Question

An object is thrown downwards from the top of a 265 m tall building with an initial speed of 19 m/s. What is the height of the object when it reaches a speed of 49 m/s?

Answer 1

Explanation:

Here we go,

Here we have ,

initial velocity, u=19m/s

final velocity, v=49m/s

acceleration due to gravity, g=9.8m/s

s= distance traveled by the object

Now we have, v²-u²=2gs

=> (49)²-(19)²=2(9.8)s

=>2040/2(9.8)=s

=> s=104.0816 m .......(1) {approximately

Now distance of the object from the ground= height of the building-s

=> (265-104.0816)m

=> 160.918 m approximately

Required answer = 160.918 m

Hope this helps :-)

Answer 2

The height of the object when speed is 49 m/s is 160.92 m.

Explanation:

Given:

Initial height of the object is, $y_0=265\ m$

Initial speed of the object is, $u=-19\ m/s$

Final velocity of the object is, $v=-49\ m/s$

Acceleration of the object is due to gravity.

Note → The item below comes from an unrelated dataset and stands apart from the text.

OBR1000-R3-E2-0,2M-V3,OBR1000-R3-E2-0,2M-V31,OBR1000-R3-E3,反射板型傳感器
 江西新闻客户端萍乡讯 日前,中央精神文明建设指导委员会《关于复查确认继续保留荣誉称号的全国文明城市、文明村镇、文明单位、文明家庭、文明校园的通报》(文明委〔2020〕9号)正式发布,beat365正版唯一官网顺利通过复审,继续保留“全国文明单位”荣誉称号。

So, acceleration is, $g=-9.8\ m/s^2$

Initial and final velocities are negative as they act in the downward direction. Acceleration is also negative as it is acting in the downward direction.

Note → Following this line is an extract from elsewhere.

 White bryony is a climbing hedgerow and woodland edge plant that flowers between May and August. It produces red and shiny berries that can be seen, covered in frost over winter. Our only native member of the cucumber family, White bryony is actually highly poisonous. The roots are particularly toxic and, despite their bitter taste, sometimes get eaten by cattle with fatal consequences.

Now, using the equation of motion, we can find the final height. Let the final height be 'y' m from the ground. Therefore,

$v^2=u^2+2g(y-y_0)$

Rearranging in terms of 'y', we get:

$y=\frac{v^2-u^2}{2g}+y_0$

Now, plug in 265 for $y_0$ 19 for 'u', 49 for 'v' and -9.8 for 'g' and solve for 'y'

$y=265+\frac{49^2-19^2}{2(-9.8)}\\y=265-\frac{2401-361}{19.6}\\y=265-\frac{2040}{19.6}\\y=265-104.08\\y=160.92\ m$

Therefore, the final height when the speed is 49 m/s is 160.92 m above the ground.